▸ **What to work on**:
Word for word, copy the line that contains "To reach the" and each line after it in the data below. Pictures stay out of the copy.

▸ **Data segment**:
------------------------------------------------

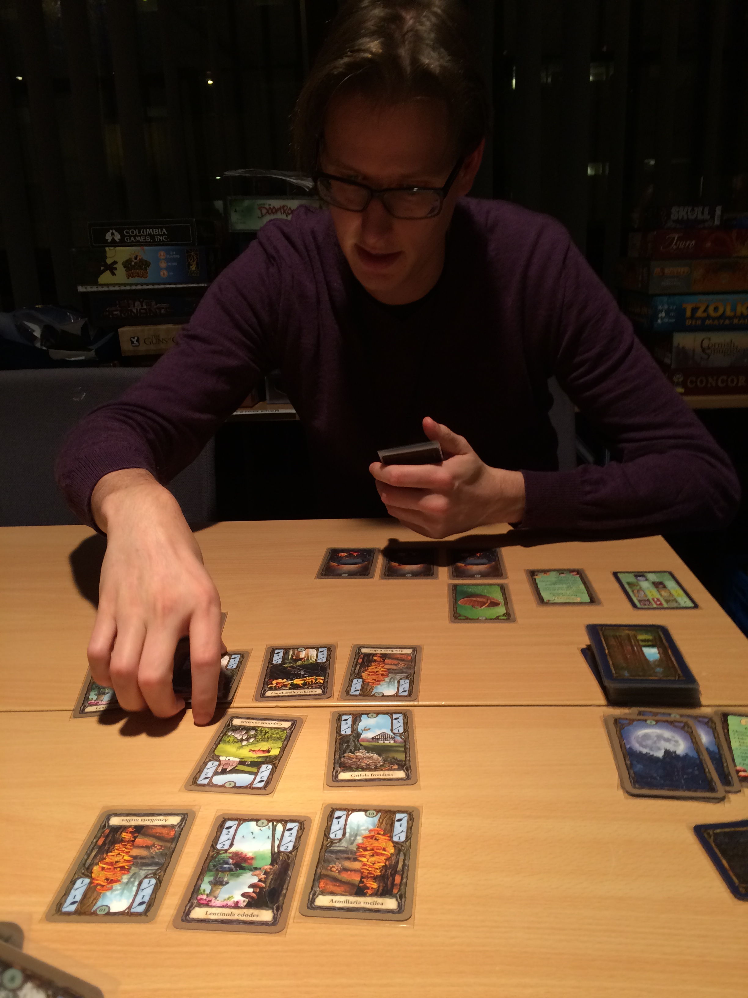 Anja ville også spille Splendor, hvor vi alle er diamantsamlere eller noe slikt. Poenget var i allefall å få tak i billige kort som gav ressurser, men på et eller annet tidspunkt gå for de dyrere kortene som gav mer poeng, men likevel kun en diamant som de billige. Jeg trodde jeg hadde dreisen på dette, men plutselig var Hollender ferdig, og vant soleklart foran oss andre. Helt greit spill i forhold til spilletid. 7/10
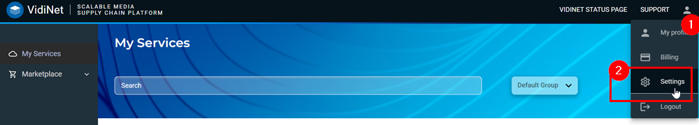 To reach the Settings area, click on the profile icon (1) and select the Settings option (2).
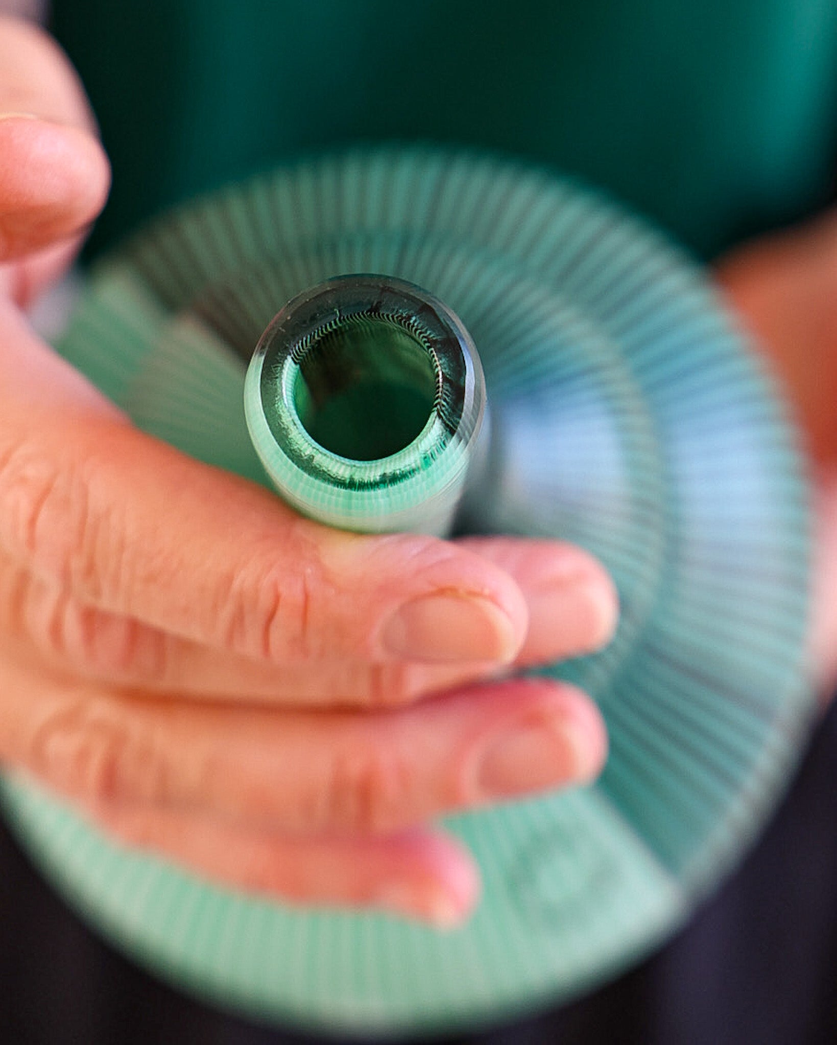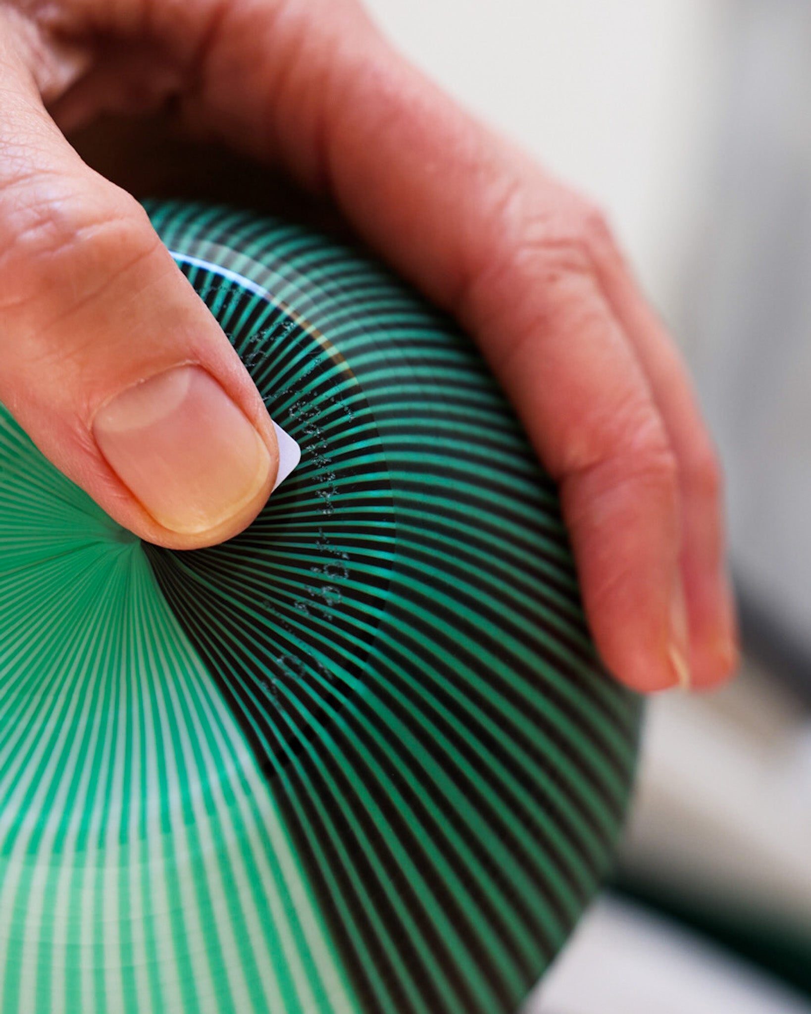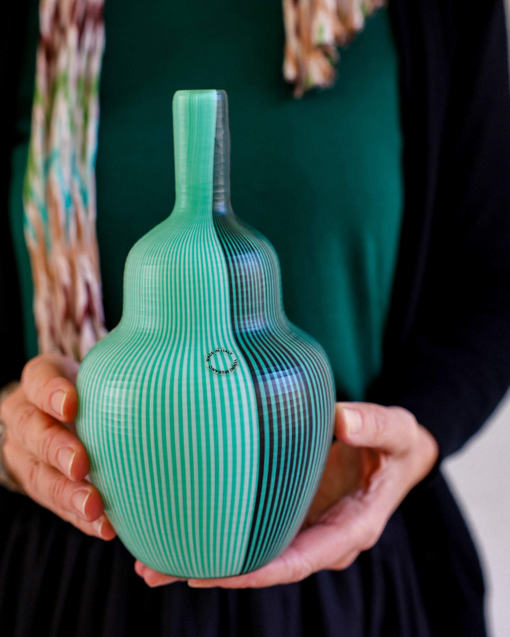 La lavorazione a righe rappresenta uno dei motivi più iconici introdotti negli anni '30 da Carlo Scarpa e rimasto un simbolo distintivo della produzione Venini.

------------------------------------------------

▸ **The answer**:
 To reach the Settings area, click on the profile icon (1) and select the Settings option (2).
 La lavorazione a righe rappresenta uno dei motivi più iconici introdotti negli anni '30 da Carlo Scarpa e rimasto un simbolo distintivo della produzione Venini.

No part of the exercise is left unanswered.